-- TASK STATEMENT --
Retype exactly what appears below from the line containing "1921-1932 3c slate-grey, variety" down to the line containing "2、强化符文优选评级与交火、", keeping both end lines. Do not include pictures.

=== INPUT DATA ===

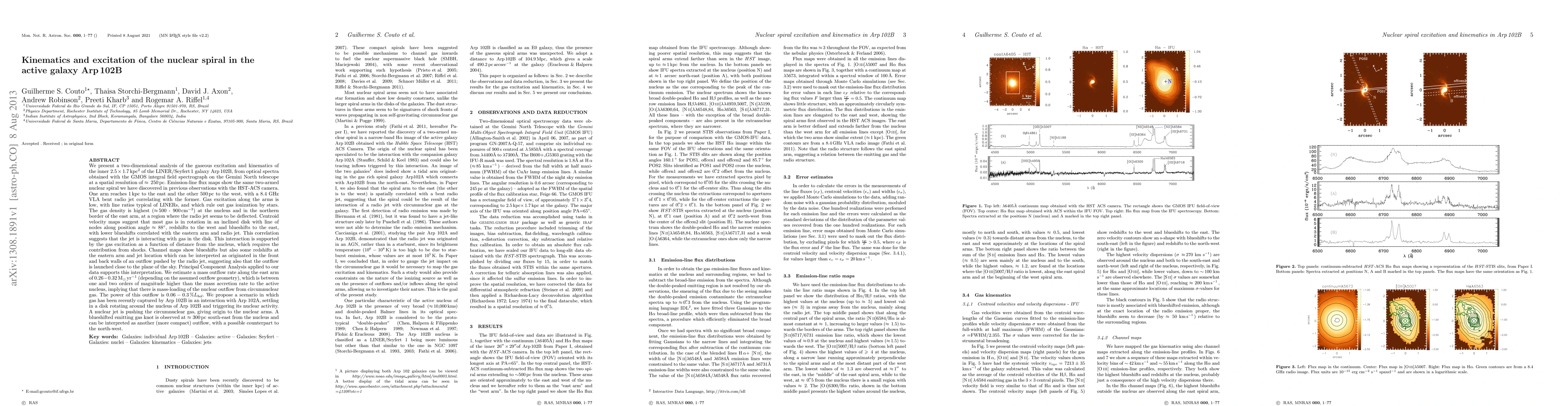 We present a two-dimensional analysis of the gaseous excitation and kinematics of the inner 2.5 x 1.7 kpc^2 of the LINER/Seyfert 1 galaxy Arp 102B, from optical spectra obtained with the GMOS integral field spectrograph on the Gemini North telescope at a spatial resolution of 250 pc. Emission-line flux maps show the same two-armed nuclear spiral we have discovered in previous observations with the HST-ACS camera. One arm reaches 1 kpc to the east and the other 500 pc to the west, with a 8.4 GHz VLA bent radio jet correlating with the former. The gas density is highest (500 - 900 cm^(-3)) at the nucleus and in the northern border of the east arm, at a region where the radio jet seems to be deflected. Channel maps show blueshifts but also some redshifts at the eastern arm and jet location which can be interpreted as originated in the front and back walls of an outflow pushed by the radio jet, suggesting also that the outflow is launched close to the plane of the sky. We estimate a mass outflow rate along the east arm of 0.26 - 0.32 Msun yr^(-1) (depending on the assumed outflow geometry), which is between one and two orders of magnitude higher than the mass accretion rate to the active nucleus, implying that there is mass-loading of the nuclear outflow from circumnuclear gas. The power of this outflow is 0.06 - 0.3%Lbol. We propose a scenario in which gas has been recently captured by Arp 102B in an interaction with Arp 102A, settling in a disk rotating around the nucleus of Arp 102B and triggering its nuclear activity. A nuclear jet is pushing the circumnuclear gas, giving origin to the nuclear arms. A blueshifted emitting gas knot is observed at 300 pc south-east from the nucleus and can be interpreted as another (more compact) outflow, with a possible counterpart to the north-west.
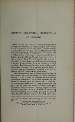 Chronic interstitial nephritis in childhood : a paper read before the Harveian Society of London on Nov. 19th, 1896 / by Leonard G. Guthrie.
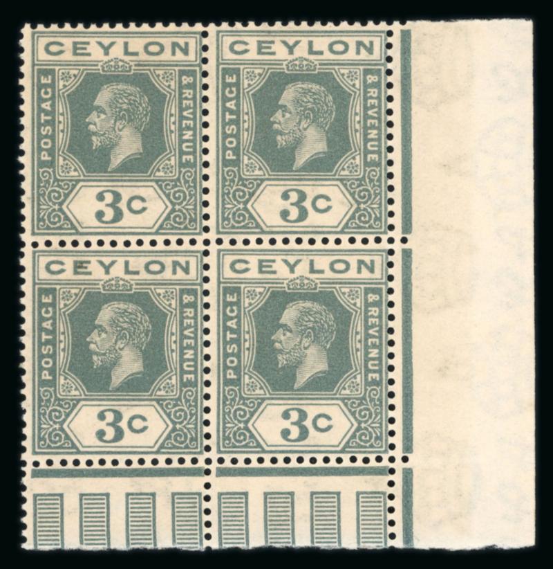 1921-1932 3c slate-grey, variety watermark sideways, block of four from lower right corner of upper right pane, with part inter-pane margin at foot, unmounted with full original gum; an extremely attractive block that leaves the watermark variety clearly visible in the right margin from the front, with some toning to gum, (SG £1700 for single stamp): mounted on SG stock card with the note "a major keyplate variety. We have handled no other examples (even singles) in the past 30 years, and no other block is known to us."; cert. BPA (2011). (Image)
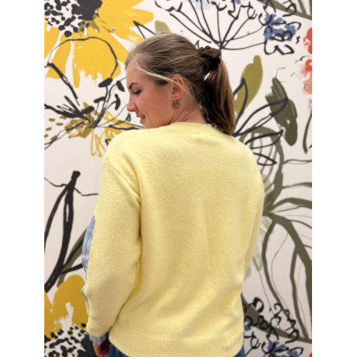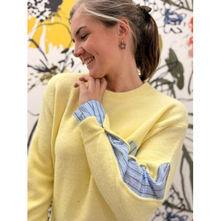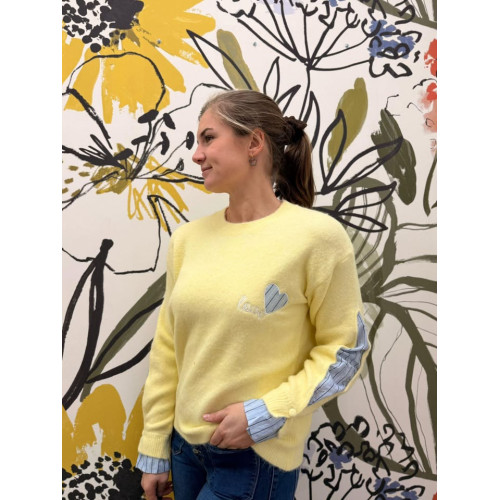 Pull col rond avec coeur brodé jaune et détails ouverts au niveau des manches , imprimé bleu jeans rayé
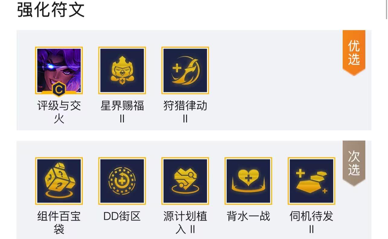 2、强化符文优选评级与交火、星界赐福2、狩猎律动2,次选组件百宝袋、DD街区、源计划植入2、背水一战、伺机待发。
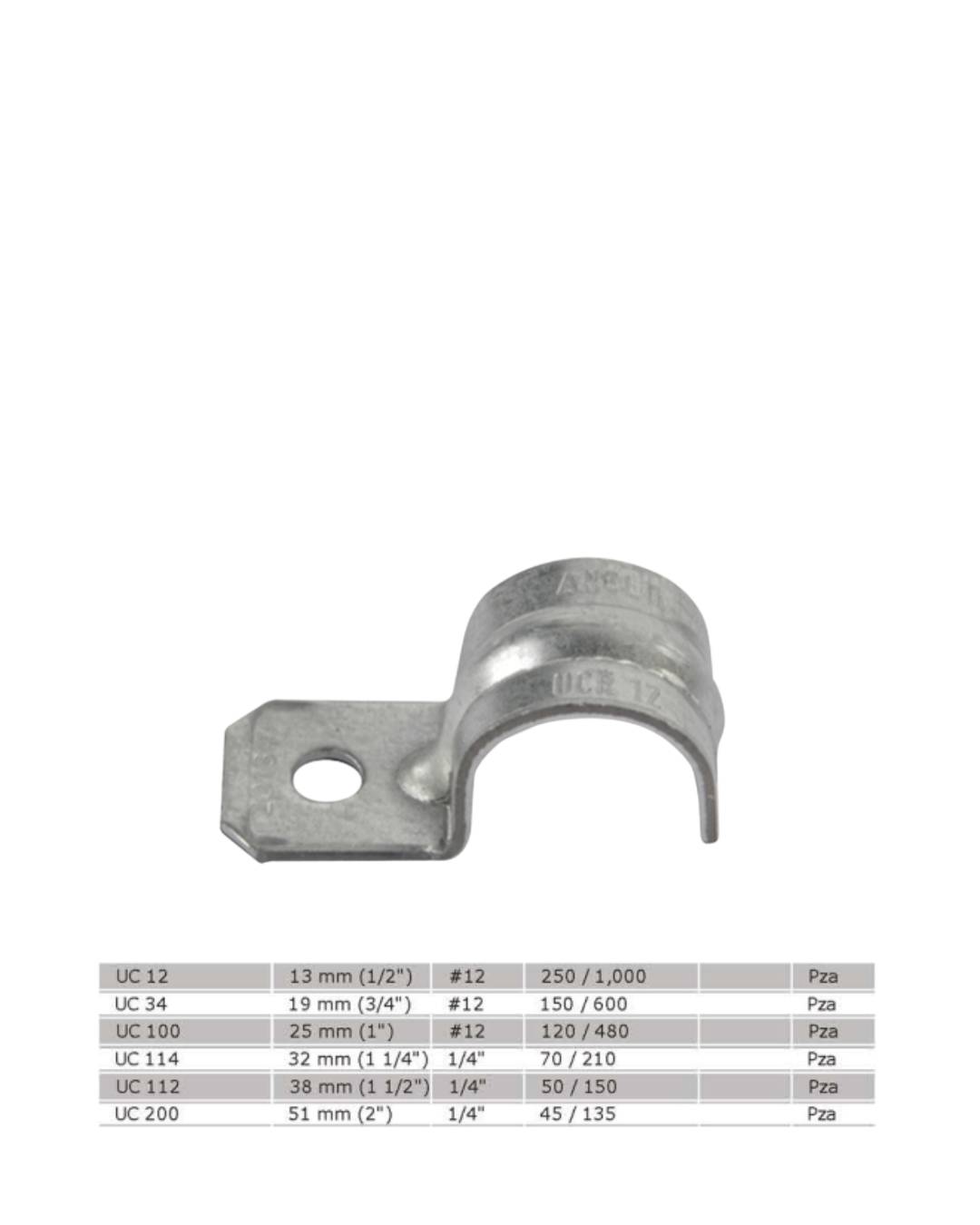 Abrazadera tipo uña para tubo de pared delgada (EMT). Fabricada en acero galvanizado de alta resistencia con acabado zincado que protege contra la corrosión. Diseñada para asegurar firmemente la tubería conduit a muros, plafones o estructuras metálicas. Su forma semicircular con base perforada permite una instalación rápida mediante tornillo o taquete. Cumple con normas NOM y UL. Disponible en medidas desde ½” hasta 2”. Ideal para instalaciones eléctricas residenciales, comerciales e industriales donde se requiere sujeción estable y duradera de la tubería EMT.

===
=== INPUT DATA ===

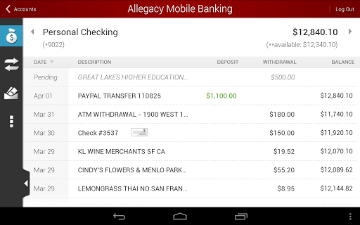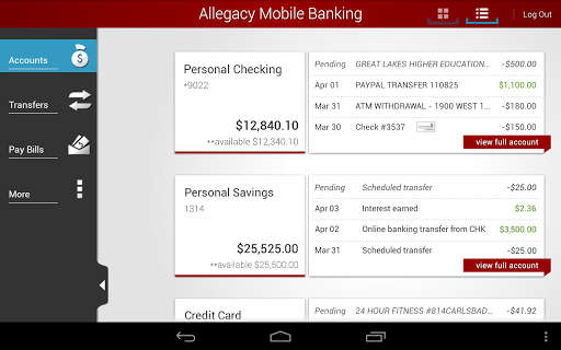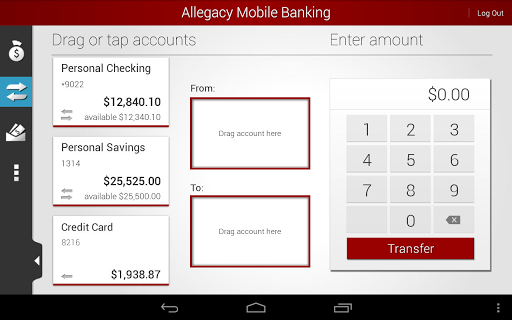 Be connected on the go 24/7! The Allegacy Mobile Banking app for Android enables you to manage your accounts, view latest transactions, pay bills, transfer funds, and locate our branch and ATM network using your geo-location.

===

-- ANSWER FOR THE TASK --
 1921-1932 3c slate-grey, variety watermark sideways, block of four from lower right corner of upper right pane, with part inter-pane margin at foot, unmounted with full original gum; an extremely attractive block that leaves the watermark variety clearly visible in the right margin from the front, with some toning to gum, (SG £1700 for single stamp): mounted on SG stock card with the note "a major keyplate variety. We have handled no other examples (even singles) in the past 30 years, and no other block is known to us."; cert. BPA (2011). (Image)
 Pull col rond avec coeur brodé jaune et détails ouverts au niveau des manches , imprimé bleu jeans rayé
 2、强化符文优选评级与交火、星界赐福2、狩猎律动2,次选组件百宝袋、DD街区、源计划植入2、背水一战、伺机待发。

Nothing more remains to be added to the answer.